**PROBLEM REQUIREMENTS**
Before returning the data, strip out the pictures and keep everything else exactly the same.

**DATA**

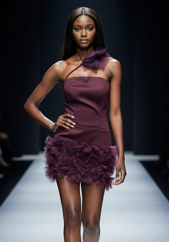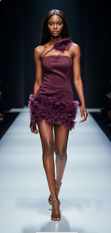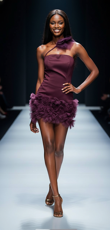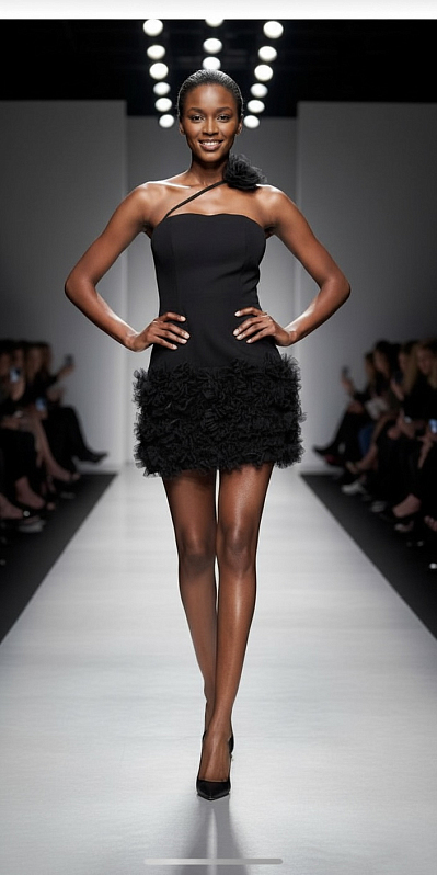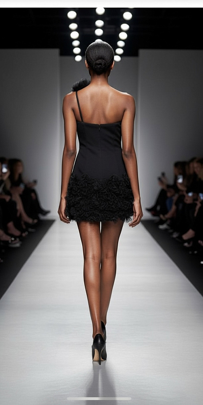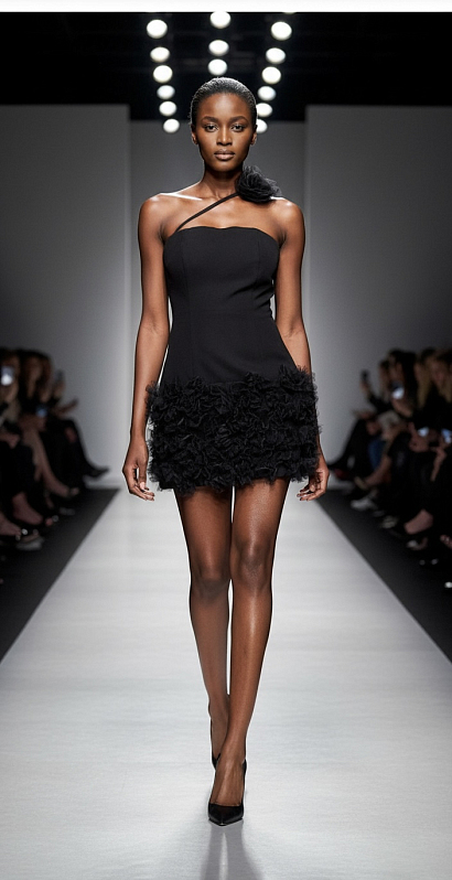 Платье мини с объемными декоративными цветами по низу, прилегающего силуэта. В комлект к платью входит чокер с цветком на веревке. Верх платья корсетного типа. Сзади застежка на тесьму "молния". Изделие выполнено из костюмной ткани верха и вискозной подкладочной ткани.
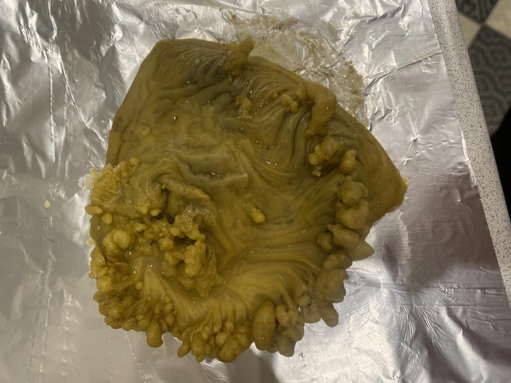 Если смотреть сбоку , то эта отливка похожа на старика в профиль https://drive.google.com/file/d/1Z_mXIzWE5pvP6Ah-a_79yxyOagRyRW0z/view?usp=sharing, Длинные волосы, ухо посередине, крючковатый нос и зубы... чётко видны зубы и что то вылазит из рта... Острая бородёнка.. Это и есть подселенец?
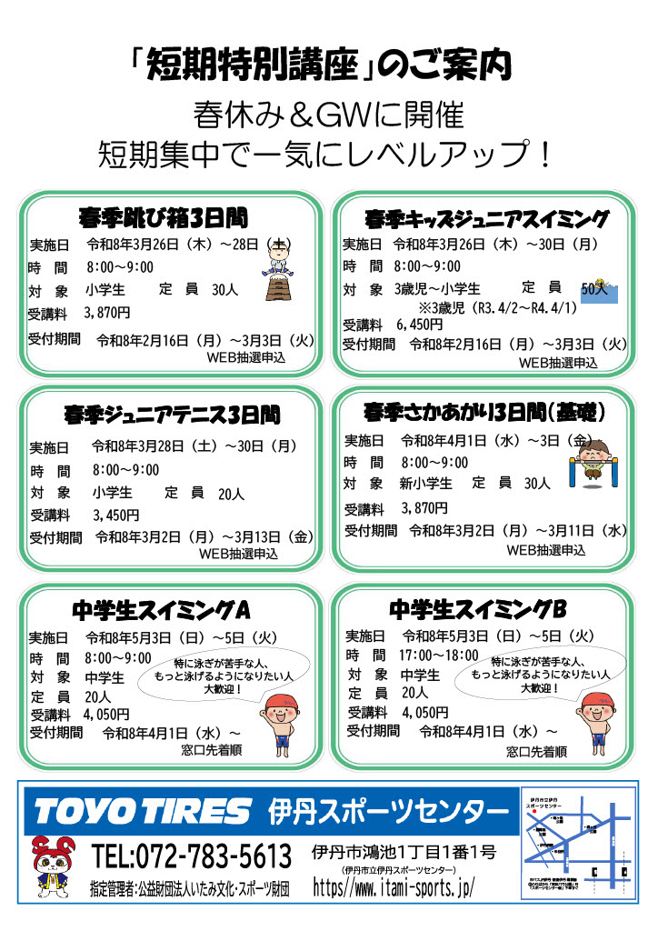 | 春季キッズジュニアスイミング | 令和8年3月26日(木)~30日(月) | 8:00~9:00 | 3歳児~小学生 | 50名 | 6,450円 | 受付中 | 窓口 |

**TASK RESPONSE**
 Платье мини с объемными декоративными цветами по низу, прилегающего силуэта. В комлект к платью входит чокер с цветком на веревке. Верх платья корсетного типа. Сзади застежка на тесьму "молния". Изделие выполнено из костюмной ткани верха и вискозной подкладочной ткани.
 Если смотреть сбоку , то эта отливка похожа на старика в профиль https://drive.google.com/file/d/1Z_mXIzWE5pvP6Ah-a_79yxyOagRyRW0z/view?usp=sharing, Длинные волосы, ухо посередине, крючковатый нос и зубы... чётко видны зубы и что то вылазит из рта... Острая бородёнка.. Это и есть подселенец?
 | 春季キッズジュニアスイミング | 令和8年3月26日(木)~30日(月) | 8:00~9:00 | 3歳児~小学生 | 50名 | 6,450円 | 受付中 | 窓口 |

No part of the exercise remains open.